In my case the project name is redis-util, and you’ll find my “base packages” to be named com.darshitpp.redis.redisutil. This base package would have a class called RedisUtilApplication, which in my case has the following configuration.

@SpringBootApplication
@ComponentScan(basePackages = {"com.darshitpp.redis.redisutil"})
public class RedisUtilApplication {

	public static void main(String[] args) {
		SpringApplication.run(RedisUtilApplication.class, args);
	}

}

I have manually added the @ComponentScan annotation to specify a top-level package name under where Spring should look for defined Beans/Configurations.

To connect to Redis, I create a configuration class called LettuceRedisConfiguration, under a new package named configuration(note that this should be under the basePackages path defined above.

You could define the configuration in the RedisUtilApplication class itself, but I want this to be as “production-ready” as possible. Thus, it’s a good practice to separate out your different parts of application.

My configuration class is

@Configuration
public class LettuceRedisConfiguration {

    @Bean
    public LettuceConnectionFactory redisConnectionFactory() {
        return new LettuceConnectionFactory(new RedisStandaloneConfiguration("localhost", 6379));
    }

}

It is a very simple class, which has the configuration of which URL to connect to for Redis. In my case, it is localhost, but in most production apps, it would be an external Redis server. Port 6379 is the default port on which the Redis server starts. This Bean would return us a “factory” of Redis connections. Think of this as something which would allow you to connect to Redis when required.

At this point, my package structure looks like:

->src
  ->main
    ->java
      ->com.darshitpp.redis.redisutil
        ->configuration

Now that we know how to connect to a Redis server, we need to figure out what data we need to store in Redis. In our case, we would be storing User data. This is the “domain model” of our application (domain model could be translated to a table in a Database, but we don’t have a table in our scenario). This User is stored in a package called domain.

The User would have three fields, namely, firstName, lastName, and birthday.

Before storing the objects in Redis, it is a good idea to identify how you will store the data so that it’s efficient to fetch it back. What that means is Redis being a simple Key-Value store, you would need to identify the Key you would be storing the Value with. In our case, I am choosing firstName as the key. The data would be stored in a hash, so the hashKey that we select would be the lastName and the value mapped to the hashKey is the User object.

This is because Hashes in Redis have the following structure:

key1 --- hashKey1 === value1
     --- hashKey2 === value2
     --- hashKey3 === value3
key2 --- hashKey4 === value4
     --- hashKey5 === value5
.
.
.

You could also imagine it as a tree with the top level nodes being the Keys, the immediate next level to be hashKeys, and the leaf nodes to be the values.
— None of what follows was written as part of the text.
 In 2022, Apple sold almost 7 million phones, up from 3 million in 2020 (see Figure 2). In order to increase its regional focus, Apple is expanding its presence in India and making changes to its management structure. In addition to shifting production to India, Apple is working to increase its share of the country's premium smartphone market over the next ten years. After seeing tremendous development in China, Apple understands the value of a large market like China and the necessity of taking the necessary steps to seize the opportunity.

To access value2, you would need to have key1 and hashKey2.

Our example is a bit incorrect, as a User could have same key=firstName and hashKey=lastName as another user, and Redis will overwrite value. However, for brevity, we will assume there are unique Users using our application.

We would now be creating a controller class called NormalController which would act as an entry point for our API. We have named it NormalController for reasons that will be clear further in this article.

@RestController
@RequestMapping("/normal")
public class NormalController {

    private final NormalService normalService;

    @Autowired
    public NormalController(NormalService normalService) {
        this.normalService = normalService;
    }

    @GetMapping("/get")
    public User get(@RequestParam("firstName") String firstName, @RequestParam("lastName") String lastName) {
        return normalService.get(firstName, lastName);
    }

    @PostMapping("/insert")
    public void insert(@RequestBody User user) {
        normalService.put(user);
    }

    @PostMapping("/delete")
    public void delete(@RequestParam("firstName") String firstName) {
        normalService.delete(firstName);
    }
}

NormalController also has a service named NormalService which is Autowired. The class should be defined in a new packaged named controller after which the package structure would look like

->src
  ->main
    ->java
      ->com.darshitpp.redis.redisutil
        ->configuration
        ->domain
        ->controller

Our basic operations would be simple CRUD like operations which NormalService implements using a custom Operations interface.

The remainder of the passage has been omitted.